The Coachella Valley Music and Arts festival rose from the ashes of the rock-tour-heavy1990s in Indio, California, outside of Palm Springs, in October of 1999. With an original lineup including Morrissey, Beck and Gil Scott-Heron, its success was a breath of fresh air for those exhausted from Lilith Fair, Lollapalooza and Horde’s radio-heavy mediocrity.
Modeled on European successes, like the Glastonbury and Reading festivals, Coachella offered things missing from its contemporaries, mainly water, food and good bands. In subsequent years, Coachella grew to epic proportions, with nearly every mentionable band on the radar having played on one of its stages and an estimated 68,000 attendees.
The lineup this year has been the cause of unbelievable Internet speculation and the confirmed bands have the clammy-handed fan base to justify it.

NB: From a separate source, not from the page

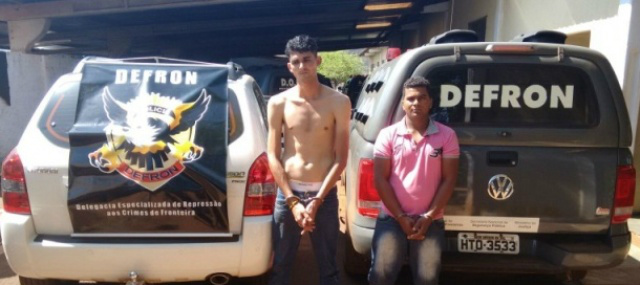 Lucas de Souza dos Santos, 23, residente em Dourados, e José Geraldo da Silva, 30, que mora no Assentamento Pana, em Nova Alvorada do Sul, foram presos pela Defron (Delegacia Especializada de Repreensão aos Crimes de Fronteira) na noite desta quarta-feira (16) com um utilitário Hyundai Tucson furtado.
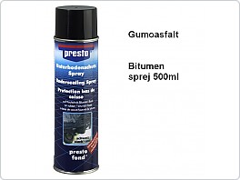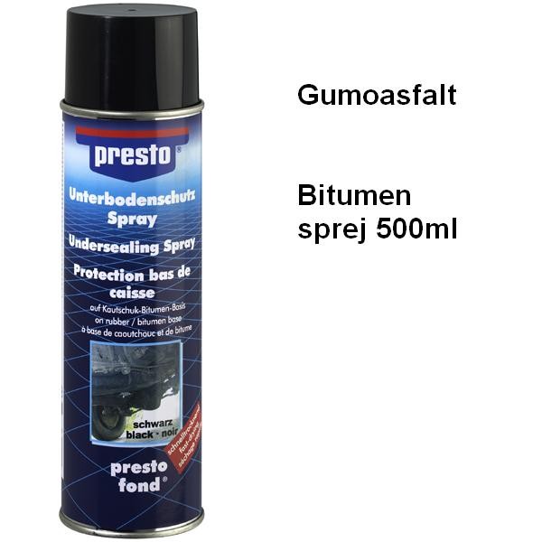 presto Ochrana podvozku a karoserie (Bitumen) tvoří odolnou elastickou vrstvu na spodních částech karoserie vozů, dopravních prostředků, všech typů motorových vozidel. Chrání podvozek proti mechanickému i chemickému namáhání jako jsou odlétající kaménky,posypové soli, vody, rzi a povětrnostním vlivům.

Already scheduled to play the festival May 1 and 2 are electro-darlings Air, Sidestepper, The Crystal Method, Basement Jaxx, and Prefuse 73, as well as bleep-rock originators Kraftwerk. Radiohead is booked for their only North American date in 2004 and The Cure’s Robert Smith is already applying mascara to his drooping lids to headline second night.
The rock spectrum is well represented too, with everyone from indie-rock limp wrists Death Cab For Cutie and The Flaming Lips to Sleepy Jackson, The (International) Noise Conspiracy, Sahara Hotnights and The Thrills. Rumored acts range from the brilliant Neutral Milk Hotel to presidential candidate Howard Dean. Even Lou Reed and the Velvet Underground are considering the desert festival and with 70 slots to fill chances are the hits will just keep coming. So pack your bags, grease up those tattoos, and hit the road, there are plenty of hotel rooms and campsites available. And don’t forget your ironic trucker hat; I don’t want any of you coming back sunburned.